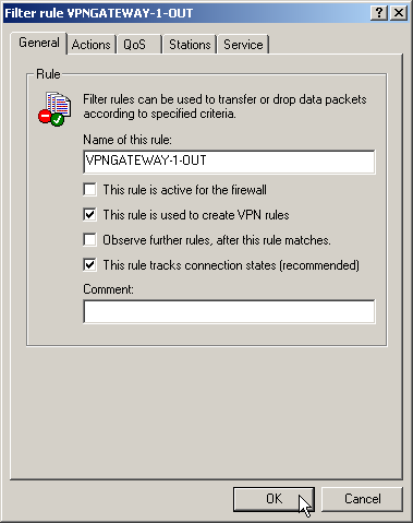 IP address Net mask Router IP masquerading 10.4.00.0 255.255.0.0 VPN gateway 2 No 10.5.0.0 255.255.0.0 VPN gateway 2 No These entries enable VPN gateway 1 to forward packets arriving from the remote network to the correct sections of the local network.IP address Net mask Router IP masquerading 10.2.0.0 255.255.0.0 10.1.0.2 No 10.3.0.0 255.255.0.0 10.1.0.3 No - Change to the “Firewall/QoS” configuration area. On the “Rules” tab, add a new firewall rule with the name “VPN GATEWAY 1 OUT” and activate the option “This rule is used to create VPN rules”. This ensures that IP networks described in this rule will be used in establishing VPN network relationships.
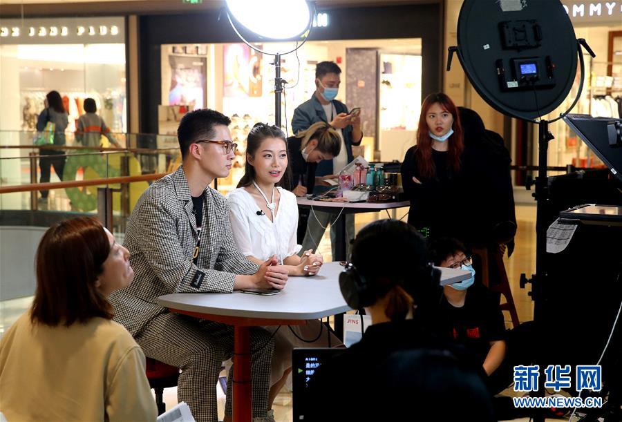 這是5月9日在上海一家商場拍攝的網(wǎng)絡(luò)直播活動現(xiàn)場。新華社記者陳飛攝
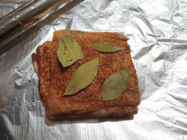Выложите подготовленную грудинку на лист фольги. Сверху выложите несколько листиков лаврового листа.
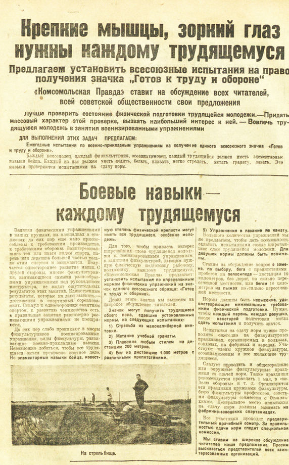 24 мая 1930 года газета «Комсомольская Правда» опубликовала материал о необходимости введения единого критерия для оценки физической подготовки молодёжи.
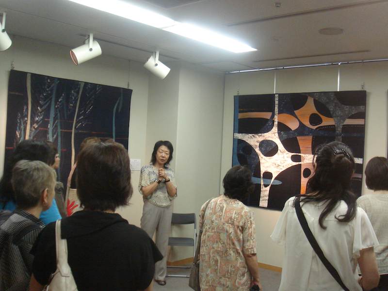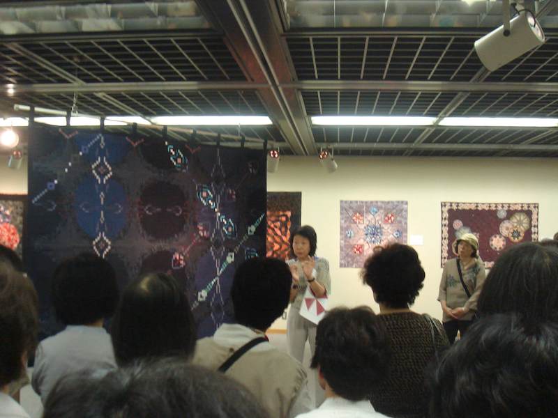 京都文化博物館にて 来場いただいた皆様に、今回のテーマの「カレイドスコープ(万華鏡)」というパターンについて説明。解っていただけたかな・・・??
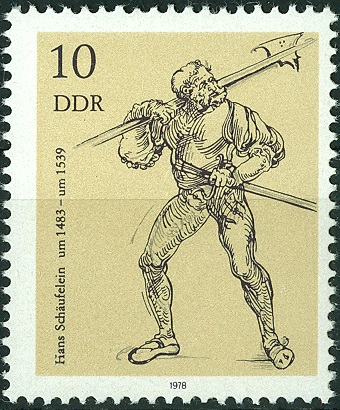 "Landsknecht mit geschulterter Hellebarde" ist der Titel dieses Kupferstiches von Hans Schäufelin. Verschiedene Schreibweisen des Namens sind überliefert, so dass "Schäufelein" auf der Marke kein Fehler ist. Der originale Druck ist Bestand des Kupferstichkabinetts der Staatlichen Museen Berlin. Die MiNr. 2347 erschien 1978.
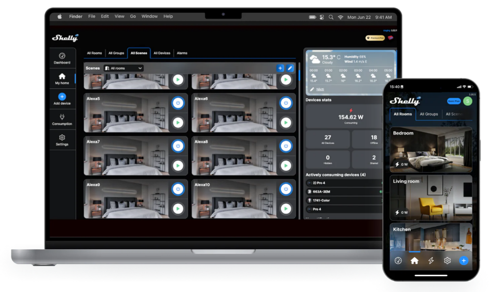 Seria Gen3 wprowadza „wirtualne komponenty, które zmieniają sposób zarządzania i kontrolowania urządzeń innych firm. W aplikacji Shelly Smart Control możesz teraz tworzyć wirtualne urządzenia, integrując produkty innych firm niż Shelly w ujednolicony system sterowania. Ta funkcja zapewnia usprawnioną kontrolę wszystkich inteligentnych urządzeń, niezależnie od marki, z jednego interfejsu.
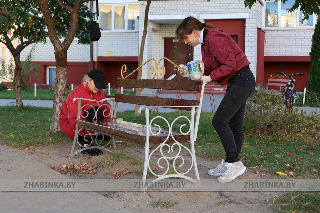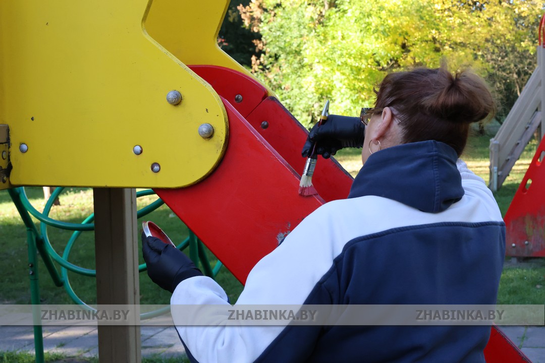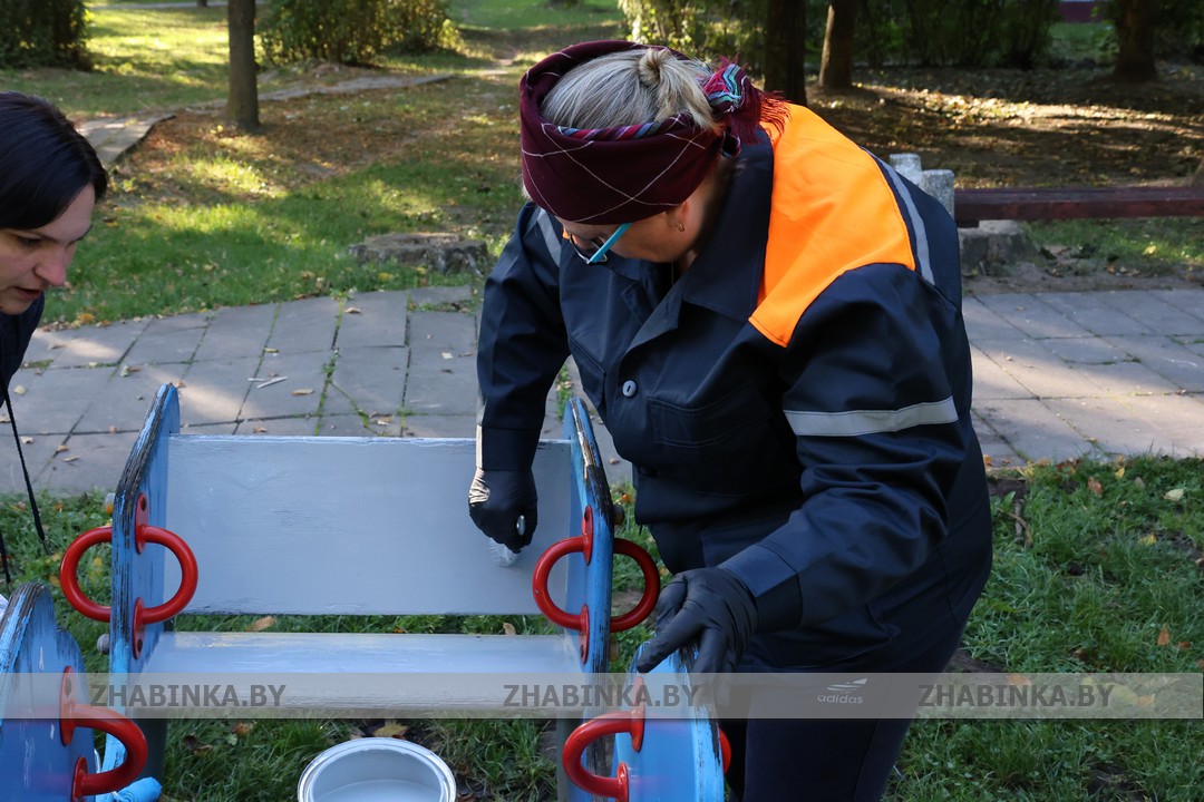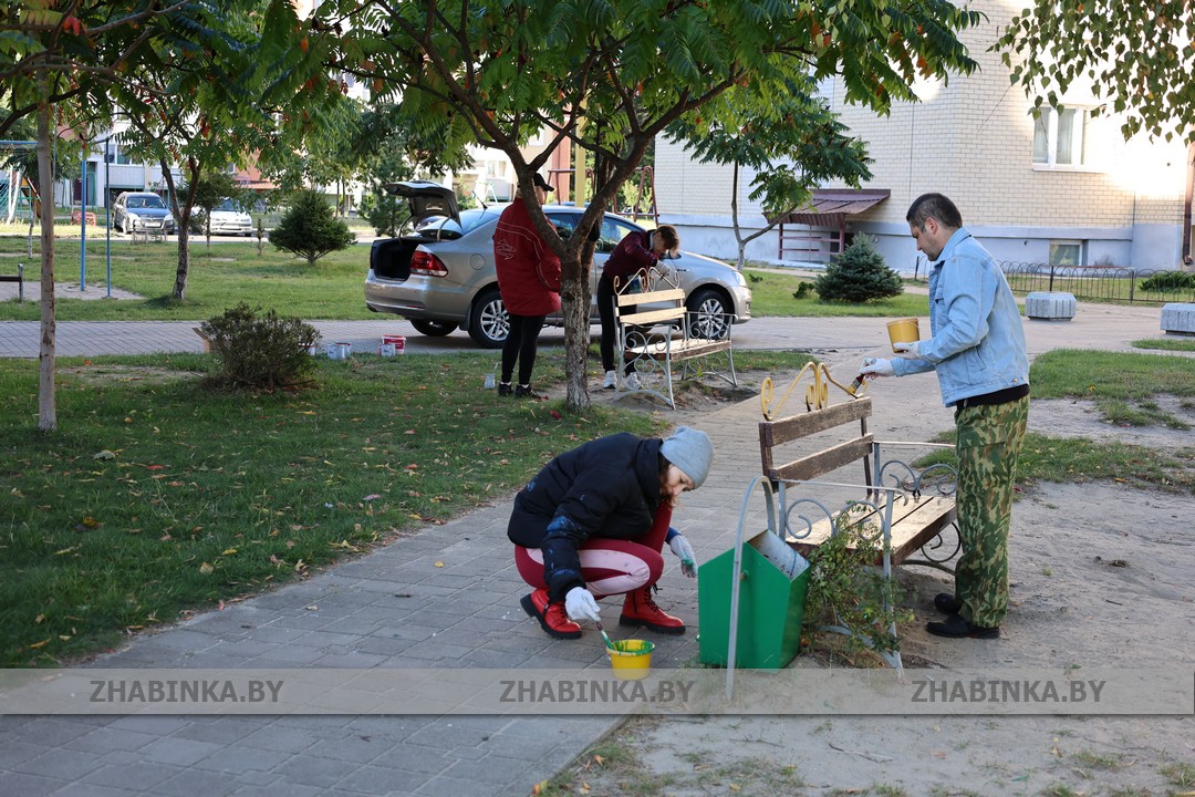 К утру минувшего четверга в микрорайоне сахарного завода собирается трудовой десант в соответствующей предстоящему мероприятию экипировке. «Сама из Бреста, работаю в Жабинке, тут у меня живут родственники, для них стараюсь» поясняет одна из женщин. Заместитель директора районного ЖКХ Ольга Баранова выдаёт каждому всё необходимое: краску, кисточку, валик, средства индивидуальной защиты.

==

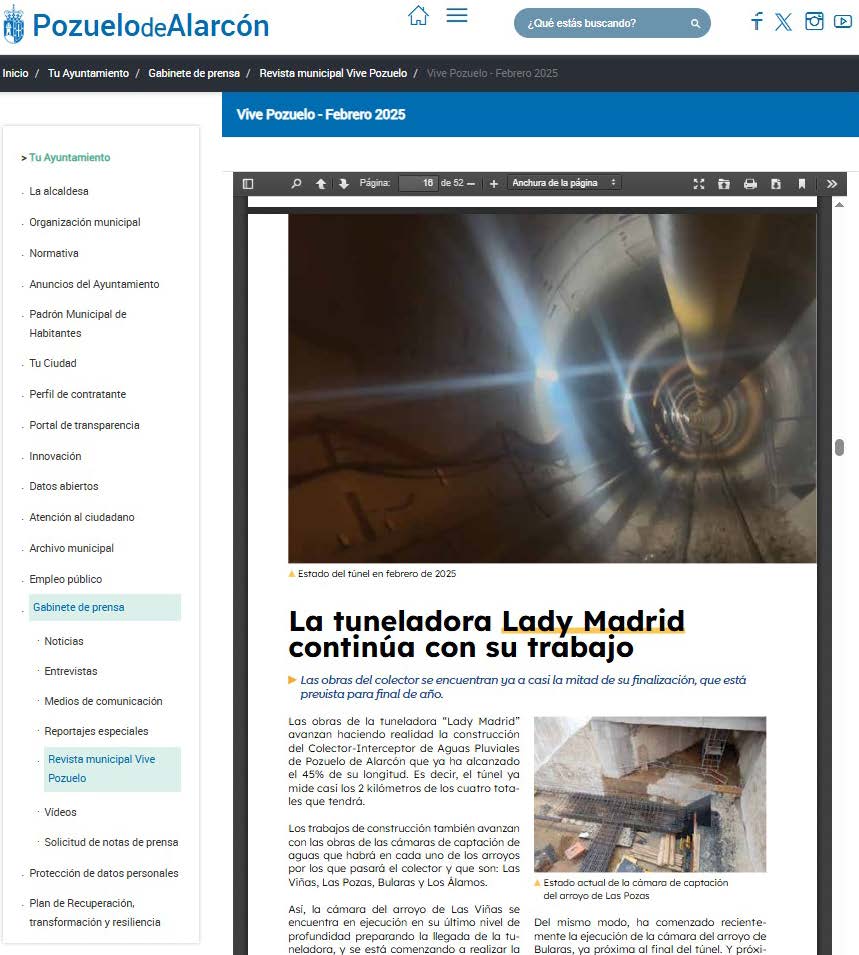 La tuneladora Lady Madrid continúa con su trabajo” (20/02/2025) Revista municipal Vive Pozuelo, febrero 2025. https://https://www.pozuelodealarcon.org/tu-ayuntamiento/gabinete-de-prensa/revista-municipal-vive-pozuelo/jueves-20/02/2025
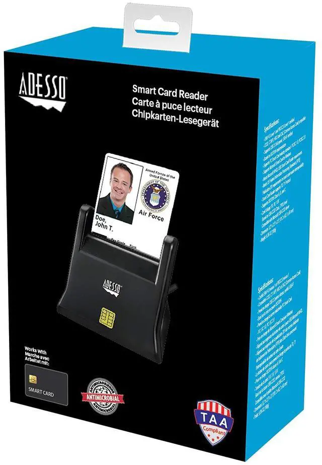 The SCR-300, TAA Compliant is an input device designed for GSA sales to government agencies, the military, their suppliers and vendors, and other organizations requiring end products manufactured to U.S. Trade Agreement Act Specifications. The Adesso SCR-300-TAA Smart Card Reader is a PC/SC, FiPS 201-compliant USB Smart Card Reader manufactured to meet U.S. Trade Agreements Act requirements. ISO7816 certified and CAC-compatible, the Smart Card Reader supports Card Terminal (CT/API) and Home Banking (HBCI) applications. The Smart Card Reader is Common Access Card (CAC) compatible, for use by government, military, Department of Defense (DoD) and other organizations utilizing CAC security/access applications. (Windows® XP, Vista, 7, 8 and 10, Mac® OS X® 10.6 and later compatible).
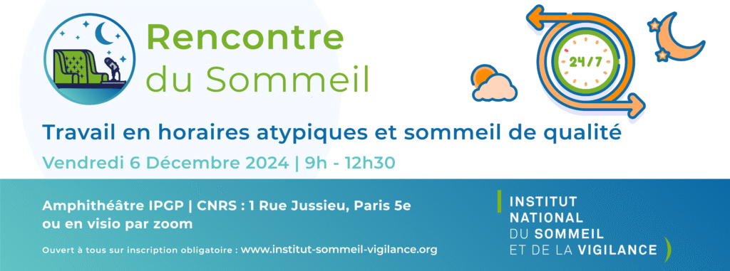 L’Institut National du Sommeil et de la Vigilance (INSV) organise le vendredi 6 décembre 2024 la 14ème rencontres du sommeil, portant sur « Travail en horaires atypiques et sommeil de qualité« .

**What to work on**
In the entries above, find the line containing "Выложите подготовленную грудинку" and the line containing "24 мая 1930"; give again exactly those two lines and every line between them, minus the pictures.

**Exercise output**
Выложите подготовленную грудинку на лист фольги. Сверху выложите несколько листиков лаврового листа.
 24 мая 1930 года газета «Комсомольская Правда» опубликовала материал о необходимости введения единого критерия для оценки физической подготовки молодёжи.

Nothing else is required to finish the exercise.